Gwenyth Beale recently completed linguistic and literacy training in Melbourne and has joined Pioneer Bible Translators (PBT) as a Literacy Specialist. This role includes training and guiding a team of literacy workers from many language groups in the Madang Province, which has about 164 languages.
“I grew up in New Guinea, the middle child of Frank and Win Beale, who were pioneer missionaries for Churches of Christ in Papua New Guinea. When we left I had no idea that I might one day come back to live and serve. My tasks as a Literacy Specialist will include: continuing to work with mother tongue speakers to get the curriculum ready for use in their schools; training nationals (including women) to become literacy teachers in their own languages; and helping people develop a library of resources to use with literacy. One way to develop reading materials is to run writers’ workshops, where literate speakers write short stories that are meaningful and engaging and can be used for reading.
Imagine being a mother who is unable to read or write. With no village school, your children are also growing up illiterate. The only book in your house is a Bible, which you want to be able to read but can’t, and it is too hard for your children to learn from. In your community, less than 43% of people can read or write; two-thirds of which are women. You want to go to other villages where they have teachers so you can learn the basics, but you have to look after your children. What can you do? We know that if women can read, their children are more likely to be able to read. My hope is to be able to run workshops specifically for women to help them become literacy teachers.
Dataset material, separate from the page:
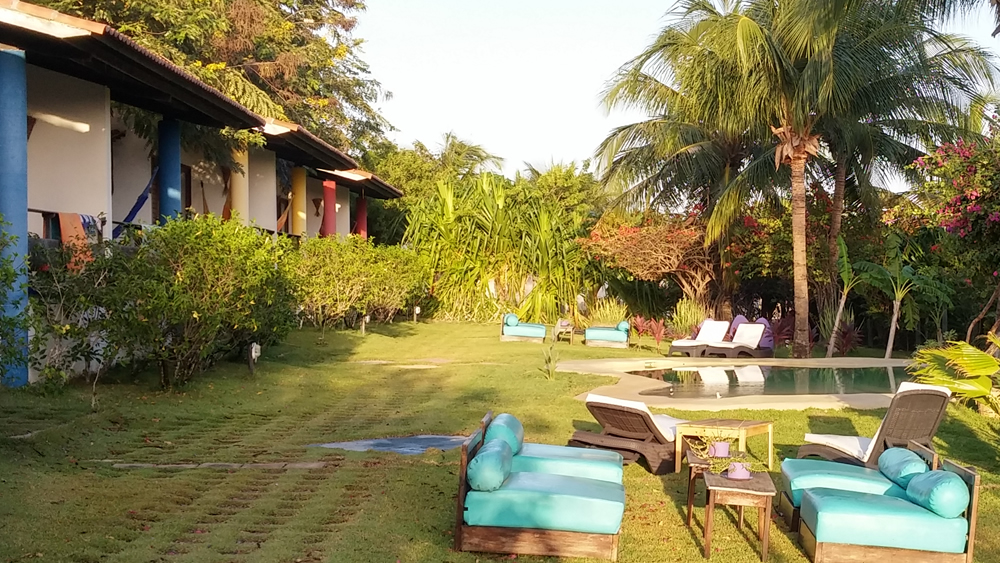 As cores da pousada são intensas e tipicamente nordestinas -vermelho, azul, verde e amarelo. Um ambiente bem colorido, único e especial.

But to provide for women in this way, I will need to travel to villages, stay in bush housing, often with limited ‘phone coverage, train with no electricity, and take everything needed with me”
Pioneer Bible Translators (PBT) Papua New Guinea have developed an elementary curriculum for Prep and Year 1 in collaboration with the Summer Institute of Linguistics, and they are gradually working with mother-tongue speakers to translate it into their languages and have the resources translated, produced, laminated, and boxed for use in the villages.